WORK TO BE COMPLETED >>
Leaving out pictures, output exactly the lines below from the one that has "USB STICK 8 POINTS" through the one that has "Storm Water Retention Pond - Phase 2", and nothing else.

(Excerpts from a dataset)

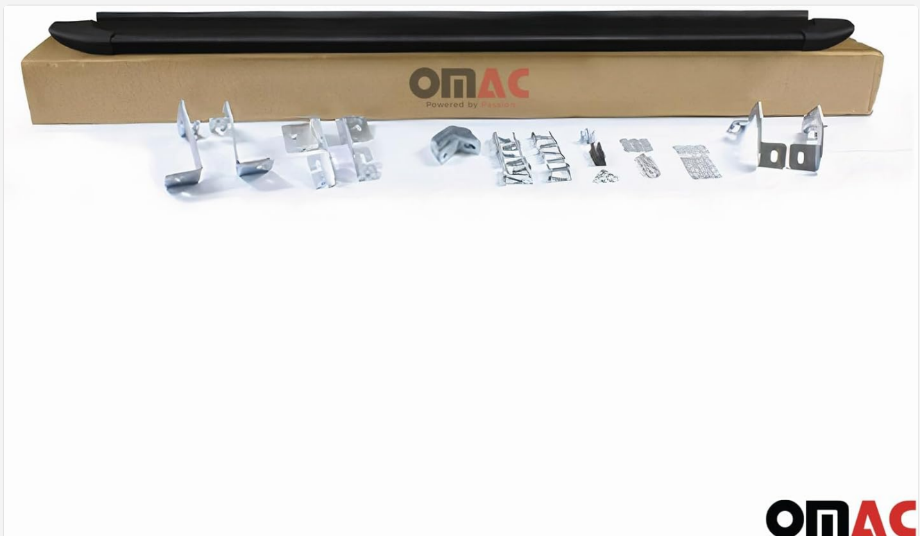
Image: Contents of the OMAC Side Steps package. This image shows the two side steps along with all the necessary mounting brackets and hardware components required for installation.
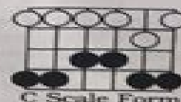
C Scale Form
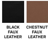
BLACK FAUX LEATHER CHESTNUT FAUX LEATHER
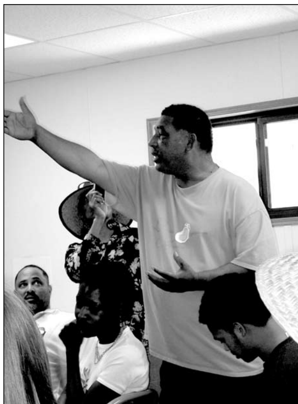
Blacks from the area who have made a living on waters now see their way of life in jeopardy
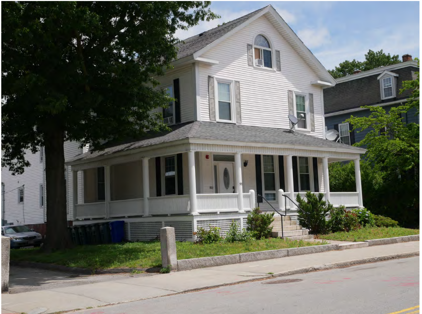
33. 93 Elm Street, looking northwest. Integrity rating: good
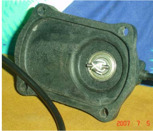
Wheel Tachometer Unit

The estimated market price of this autometer is Rs. 1500. This is much lower than the ones currently available in the market.
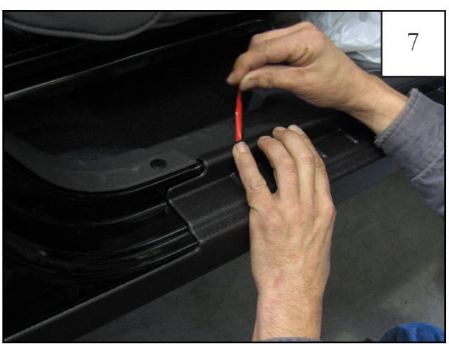
Pull 1/4" tape liner tab 2. NOTE: Refer to step 1 for additional tape tab identification.
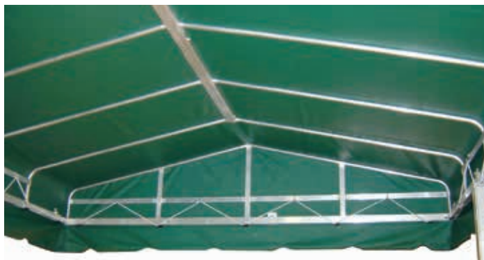
Sliding Canopy End

Remember, if it has to be waterproof, it has to be SeaMark™
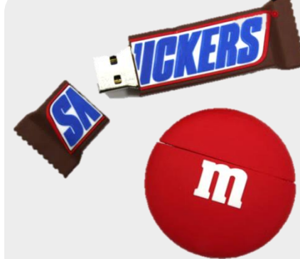
USB STICK 8 POINTS
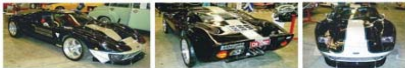
Guess what this 1.2 million dollar car is washed with
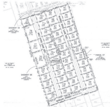
Storm Water Retention Pond - Phase 2

Additional information can be obtained at Cornwall Town Hall (39 Lowther Drive) during regular business hours or by visiting the Town website at www.cornwallpe.ca .
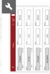
Set analog outputs
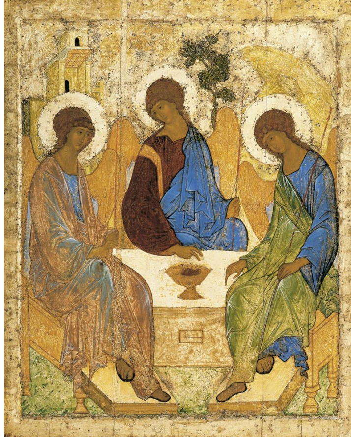
The Hospitality of Abraham ca. 1420 Artist: Rublev, Andrei, Building: Tretyakov Gallery Moscow

RESPONSE >>
USB STICK 8 POINTS
Guess what this 1.2 million dollar car is washed with
Storm Water Retention Pond - Phase 2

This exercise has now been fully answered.